It's more like the degree bearing producers/directors/and such apparently do not like to keep great shows on TV for too long due to the attention span of viewers...or they think that they can come up with something 'even better'...which is something they are always looking for...and quite rediculous...
Pretty accurate. A few days back I got bored and started scouring the Network Television lineups of the 1990s. To my surprise, NBC's absolute domination of Thursday night television through pretty much the late 80s to the very very very early 00s was undercut by a lot of bad decisions.
They kept introducing new shows, they'd be *hits* and after a season or two (some even being shows that were in the top
TEN of all Domestic television programming) they'd cancel it because they thought they'd be able to squeeze a few more million viewers in front of the TV.
Pretty much ever single year after 1995 saw increasing declines in viewership until all their mainstays at the time (Friends, Will & Grace, Just Shoot Me). Without any familiar programming for viewers to look forward to, NBC pretty much dropped off the face of the planet in its 2004-2005 season and has been pretty much in 4th place since.

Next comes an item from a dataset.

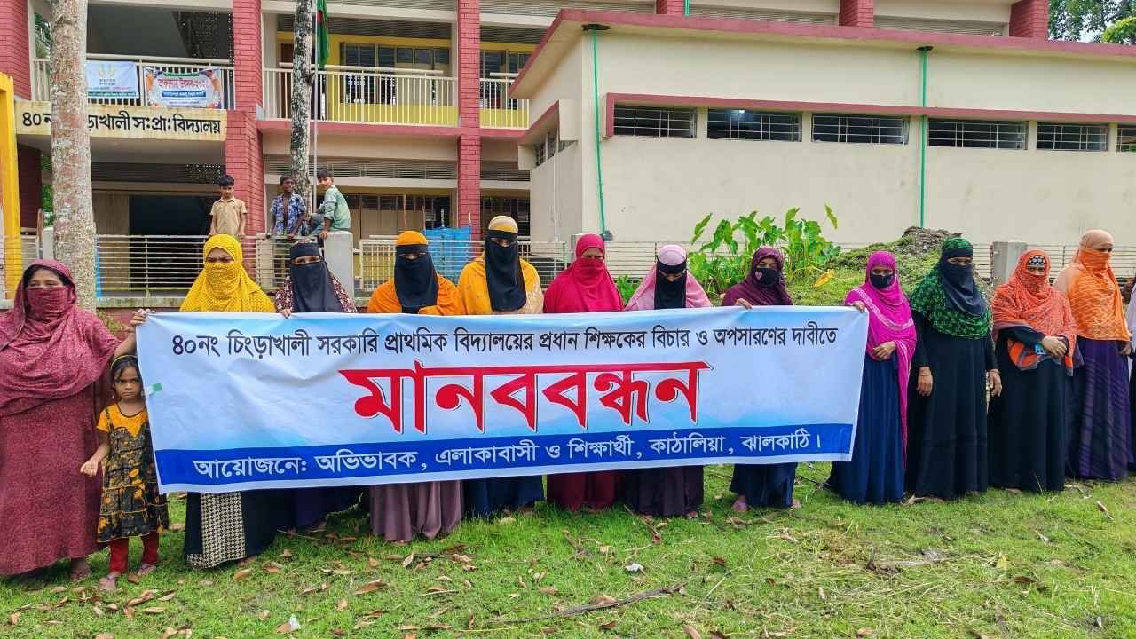 ঝালকাঠির কাঠালিয়ার চিংড়াখালী সরকারি প্রাথমিক বিদ্যালয়ের প্রধান শিক্ষকের দুর্নীতি ও নানা অনিয়মের প্রতিবাদে অভিভাবক ও এলাকাবাসী মানববন্ধন ও বিক্ষোভ কর্মসূচি পালন করেছেন।

I also believe that Les Moonves of CBS actually has signed a deal with the devil, bringing us the first wave of reality trash television (Survivor, Big Brother, The Amazing Race) as well as predictable, by-the-numbers crime procedurals (CSI, CSI: Miami, CSI: NY, Hawaii Five-0, NCIS, NCIS: Los Angeles, The Mentalist, Numb3rs, Criminal Minds) and lame, unfunny, absolutely predictable - "set up, punchline, queue laugh track" - comedies (Two and a Half Men, How I Met Your Mother, The Big Bang Theory, Mike & Molly, $#*! My Dad Says, The King of Queens, Yes Dear, Everybody Loves Raymond). Almost all seem to be popular by the unwashed masses, I just can't wait for their programming to crash and burn.
"You've shown your quality sir. The very highest."